SUPPLIED MATERIAL:
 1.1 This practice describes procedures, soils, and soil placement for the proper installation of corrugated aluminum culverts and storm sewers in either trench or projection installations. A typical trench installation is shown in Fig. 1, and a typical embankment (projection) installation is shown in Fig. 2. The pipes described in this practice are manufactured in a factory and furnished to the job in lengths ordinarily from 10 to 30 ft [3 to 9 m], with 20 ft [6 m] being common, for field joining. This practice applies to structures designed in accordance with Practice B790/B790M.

---

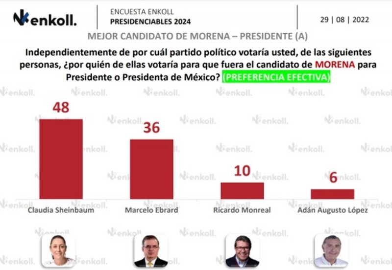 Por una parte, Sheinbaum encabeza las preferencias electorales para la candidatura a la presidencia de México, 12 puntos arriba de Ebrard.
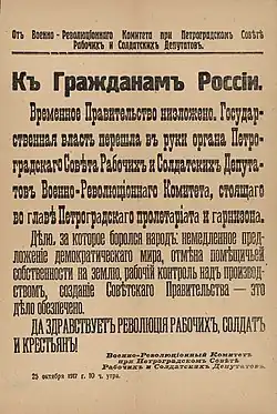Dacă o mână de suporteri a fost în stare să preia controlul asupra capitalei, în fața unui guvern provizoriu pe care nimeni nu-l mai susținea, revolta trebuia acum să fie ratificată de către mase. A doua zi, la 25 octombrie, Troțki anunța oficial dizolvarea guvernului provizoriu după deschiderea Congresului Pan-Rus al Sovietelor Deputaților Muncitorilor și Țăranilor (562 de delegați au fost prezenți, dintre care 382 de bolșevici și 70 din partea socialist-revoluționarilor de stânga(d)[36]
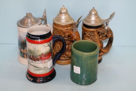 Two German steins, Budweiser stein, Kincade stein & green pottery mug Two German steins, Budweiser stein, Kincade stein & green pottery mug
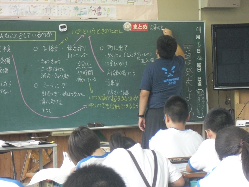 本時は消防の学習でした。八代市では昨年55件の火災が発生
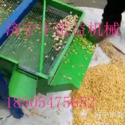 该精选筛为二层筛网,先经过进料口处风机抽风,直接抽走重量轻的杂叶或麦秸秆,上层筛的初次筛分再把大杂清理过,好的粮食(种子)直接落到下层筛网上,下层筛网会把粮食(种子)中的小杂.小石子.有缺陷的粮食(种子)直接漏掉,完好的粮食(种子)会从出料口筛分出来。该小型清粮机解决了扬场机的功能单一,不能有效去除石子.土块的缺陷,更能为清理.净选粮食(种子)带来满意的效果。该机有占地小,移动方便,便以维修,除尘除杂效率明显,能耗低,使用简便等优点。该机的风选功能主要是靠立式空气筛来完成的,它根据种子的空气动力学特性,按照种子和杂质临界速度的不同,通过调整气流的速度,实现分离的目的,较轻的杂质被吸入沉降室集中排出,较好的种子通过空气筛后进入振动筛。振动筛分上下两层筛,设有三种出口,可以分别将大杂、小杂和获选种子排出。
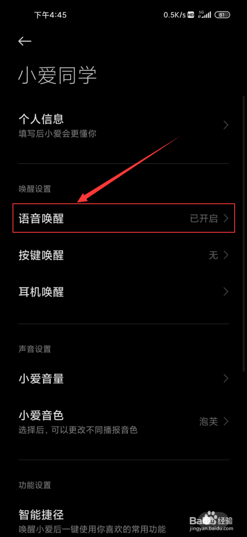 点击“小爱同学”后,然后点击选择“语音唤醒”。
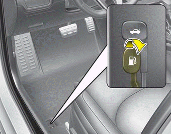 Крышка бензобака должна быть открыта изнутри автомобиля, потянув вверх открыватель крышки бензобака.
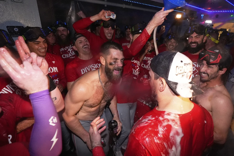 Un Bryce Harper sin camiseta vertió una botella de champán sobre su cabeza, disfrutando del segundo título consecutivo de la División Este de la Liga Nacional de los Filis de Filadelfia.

WHAT THIS TASK INVOLVES: Of the lines above, copy only those from the one holding "Крышка бензобака должна" to the one holding "Un Bryce Harper", both included, and exclude every image.

EXPECTED ANSWER:
 Крышка бензобака должна быть открыта изнутри автомобиля, потянув вверх открыватель крышки бензобака.
 Un Bryce Harper sin camiseta vertió una botella de champán sobre su cabeza, disfrutando del segundo título consecutivo de la División Este de la Liga Nacional de los Filis de Filadelfia.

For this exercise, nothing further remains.